I’ve consumed quite a few kilobytes railing against the theocrats in the Republican Party. It seems that not all of the candidates are fundamentalists intent upon imposing their religious lifestyles on others (or pandering to those who do).
“The Family Leader” is an Iowa organization that has asked all Republican candidates to sign “The Marriage Vow,” a narrow-minded, bigoted piece of theo-crap. If you’ve guessed that Mama Michele has signed it, you’re correct. Rick Santorum has committed, too. Others will follow.
One candidate, however, is holding his ground. Former New Mexico governor Gary Johnson will not. Here’s his excellent statement:
Government should not be involved in the bedrooms of consenting adults. I have always been a strong advocate of liberty and freedom from unnecessary government intervention into our lives
The freedoms that our forefathers fought for in this country are sacred and must be preserved. The Republican Party cannot be sidetracked into discussing these morally judgmental issues – such a discussion is simply wrongheaded.
We need to maintain our position as the party of efficient government management and the watchdogs of the ‘public’s pocket book.
This ‘pledge’ is nothing short of a promise to discriminate against everyone who makes a personal choice that doesn’t fit into a particular definition of ‘virtue’.

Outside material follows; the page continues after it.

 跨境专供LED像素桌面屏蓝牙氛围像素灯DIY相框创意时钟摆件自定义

While the Family Leader pledge covers just about every other so-called virtue they can think of, the one that is conspicuously missing is tolerance. In one concise document, they manage to condemn gays, single parents, single individuals, divorcees, Muslims, gays in the military, unmarried couples, women who choose to have abortions, and everyone else who doesn’t fit in a Norman Rockwell painting.
The Republican Party cannot afford to have a Presidential candidate who condones intolerance, bigotry and the denial of liberty to the citizens of this country. If we nominate such a candidate, we will never capture the White House in 2012.

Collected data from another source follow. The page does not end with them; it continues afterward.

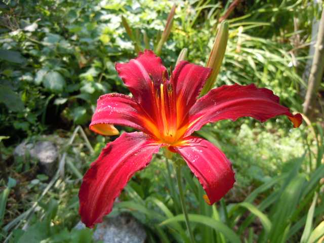 So, nun hab ich doch mal wieder Hemerocallis fotografiert. Ich versuche mal, sie im Kontext zum restlichen Garten zu zeigen. Es sind alles Hemerocallis, die aus meiner einstigen Sammelwut übriggeblieben sind, und die nicht gepflegt, gewässert und großartig gedüngt werden. "Zart" sind sie nicht alle, "Arten" auch nicht. Mit den Neuzüchtungen im Hemerocallisthread können sie nicht mithalten, deshalb hier.Vermehrt wird durch "Durchstechen mit dem Spaten", so erst dieses Frühjahr passiert.Die meisten stehen irgendwo am Rande einer Hecke und lichtschattig unter Obstbäumen.Momentan ist es sehr trocken und hat seit 4 Wochen nicht geregnet.
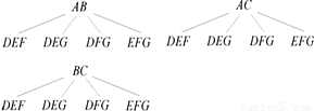 (1)用列举法:(AB,DEF),(AB,DEG),(AB,DFG),(AB,EFG),(AC,DEF),(AC,DEG),(AC,DFG)(AC,EFG),(BC,DEF),(BC,DEG),(BC,DFG),(BC,EFG)共12种可能的选择方式.(6分)用树形图法:
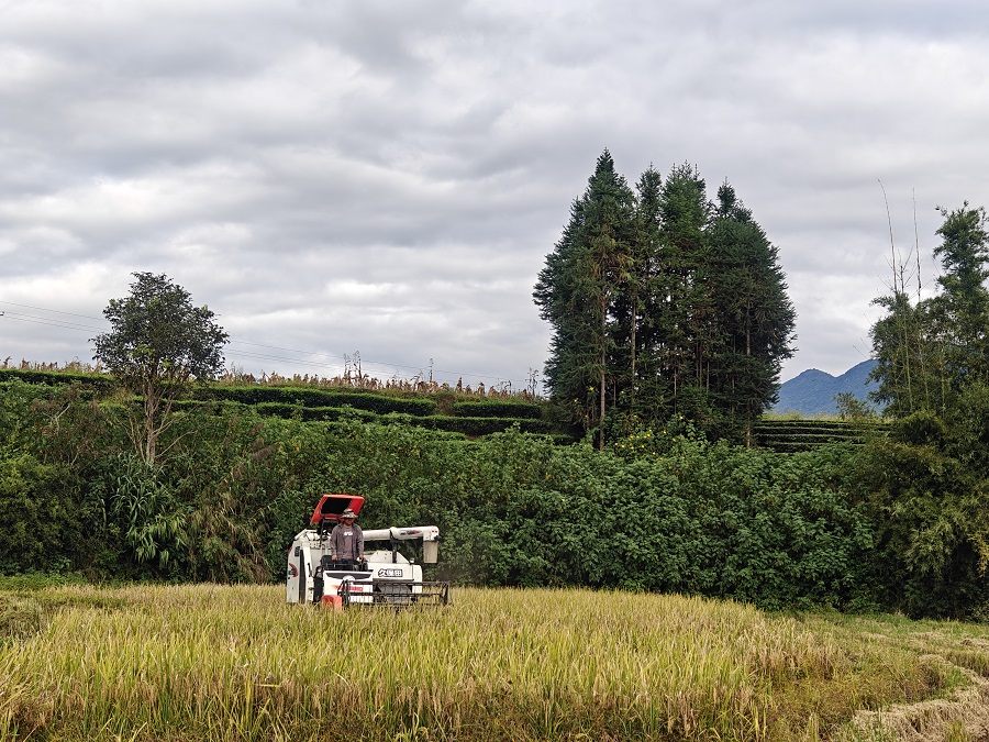 丙令村村民使用小型收割机采收“烟后稻”(11月5日摄)。黄泽宁 摄

If candidates who sign this pledge somehow think they are scoring some points with some core constituency of the Republican Party, they are doing so at the peril of writing off the vast majority of Americans who want no part of this ‘pledge’ and its offensive language.
Wow! If this were the tack of leading Republicans, it would be a reason for all of us to respect, if not agree with, their agenda. Alas, he is a voice in the wilderness. No one will ever hear about him and he won’t be invited, so to speak, to the Party’s party.
One thing that Johnson did not address in this odious piece of fish-wrapping is a paragraph that was in its earlier draft. It was in the version that Bachmann signed and to which Santorum assented. Try not to fall out of your chairs while reading this:
Slavery had a disastrous impact on African-American families, yet sadly a child born into slavery in 1860 was more likely to be raised by his mother and father in a two-parent household than was an African-American baby born after the election of the USA’s first African-American President.
For the first time in a long time, I have no words.